What's more important is: Whatever you clicked through to make your payment (like the Kickstarter project description) and also the generally available advertising material / public press reporting is part of the contract for a consumer purchase. Any warranty and grace periods don't even start until that is delivered.
For a Kickstarter backer inside the EU that means, as long as
Real quick, Star Citizen is:
A rich universe focused on epic space adventure, trading and dogfighting in first person.
Single Player – Offline or Online(Drop in / Drop out co-op play)
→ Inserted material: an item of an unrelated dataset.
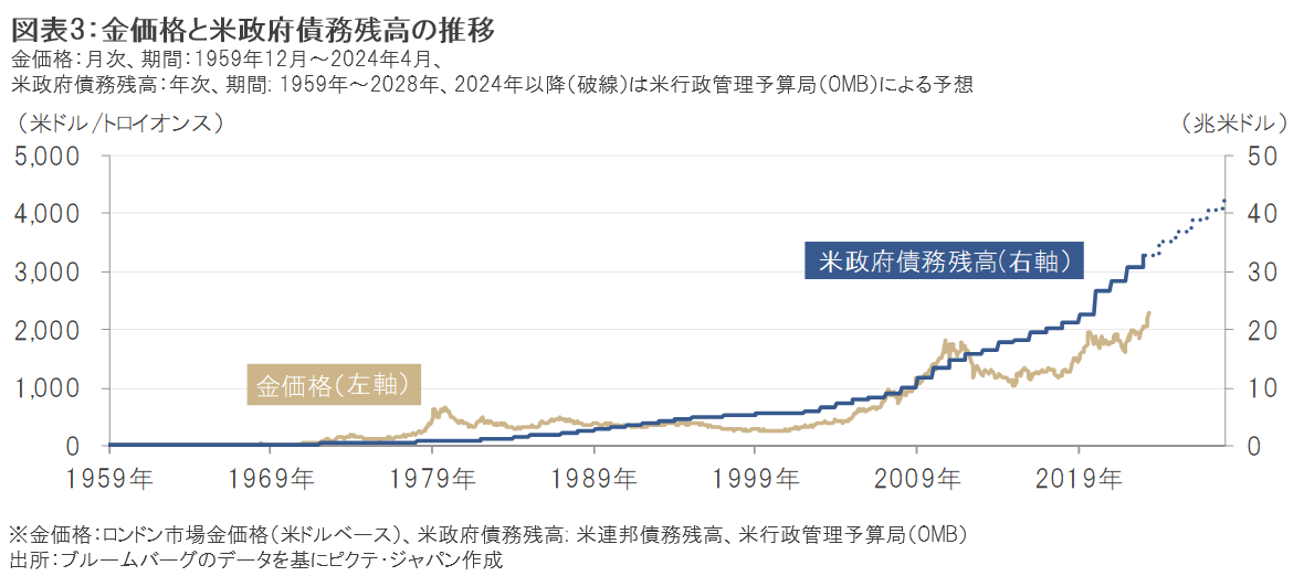 なお、基軸通貨である米ドルを発行する米国政府の債務残高は長期的に増加傾向にあり(図表3参照)、近年では政治的な対立から債務不履行が懸念される事態が発生しています。今後、米国の信用力に対する不安や、新興国の台頭に伴う米国の相対的な地位低下などを背景に米ドルに対する信認が低下した場合、代替通貨として信用リスクのない金への需要が高まると考えられます。

Persistent Universe (hosted by US)
Mod-able multiplayer (hosted by YOU)
No Subscriptions
No Pay to Win
doesn't appear at the consumer's premises, nothing can expire legally. ToS doesn't matter, because EU consumers
cannot waive their rights. The latter is a really important part of consumer protection, because otherwise it would be worthless (every shady company would circumvent it). Complete contractual freedom only applies in B2B transactions between registered commercial entities, consumers are protected, even against their will.
The interesting thing is how CIG now tries to make MVP 2.6 or 3.0 the effective legal purchase item for new customers, so at least for those they fulfill the legal obligations by delivering the MVP. But does this work in EU? I don't think so. What matters is what uninformed consumers expect when they buy "Star Citizen". Like after attending to CIG's presenation at Gamescom, after watching videos published by CIG, after reading Gamestar reporting. Everything what is endorsed by CIG becomes part of the contract. Consumer protection explicitly relieves the consumers from doing deep and throughly research for every purchase, just as they don't expect them to understand legalese in ToS documents.
To get rid of refunds, CIG has to
...pull all advertising and made up demo reels for Star Citizen.
...honestly describe the MVP, ideally paired with a specific name ("Star Citizen Stanton") separating it from the fantasy.
...get the message out in media outlets who reported on the non-existing fantasy product.
...stop and correct shills theory-crafting on social media.
...stop selling concept ships.
Only if the unsuspecting consumer knows exactly what he gets without going through pages fine-print, CIG might be able to get away with selling a MVP.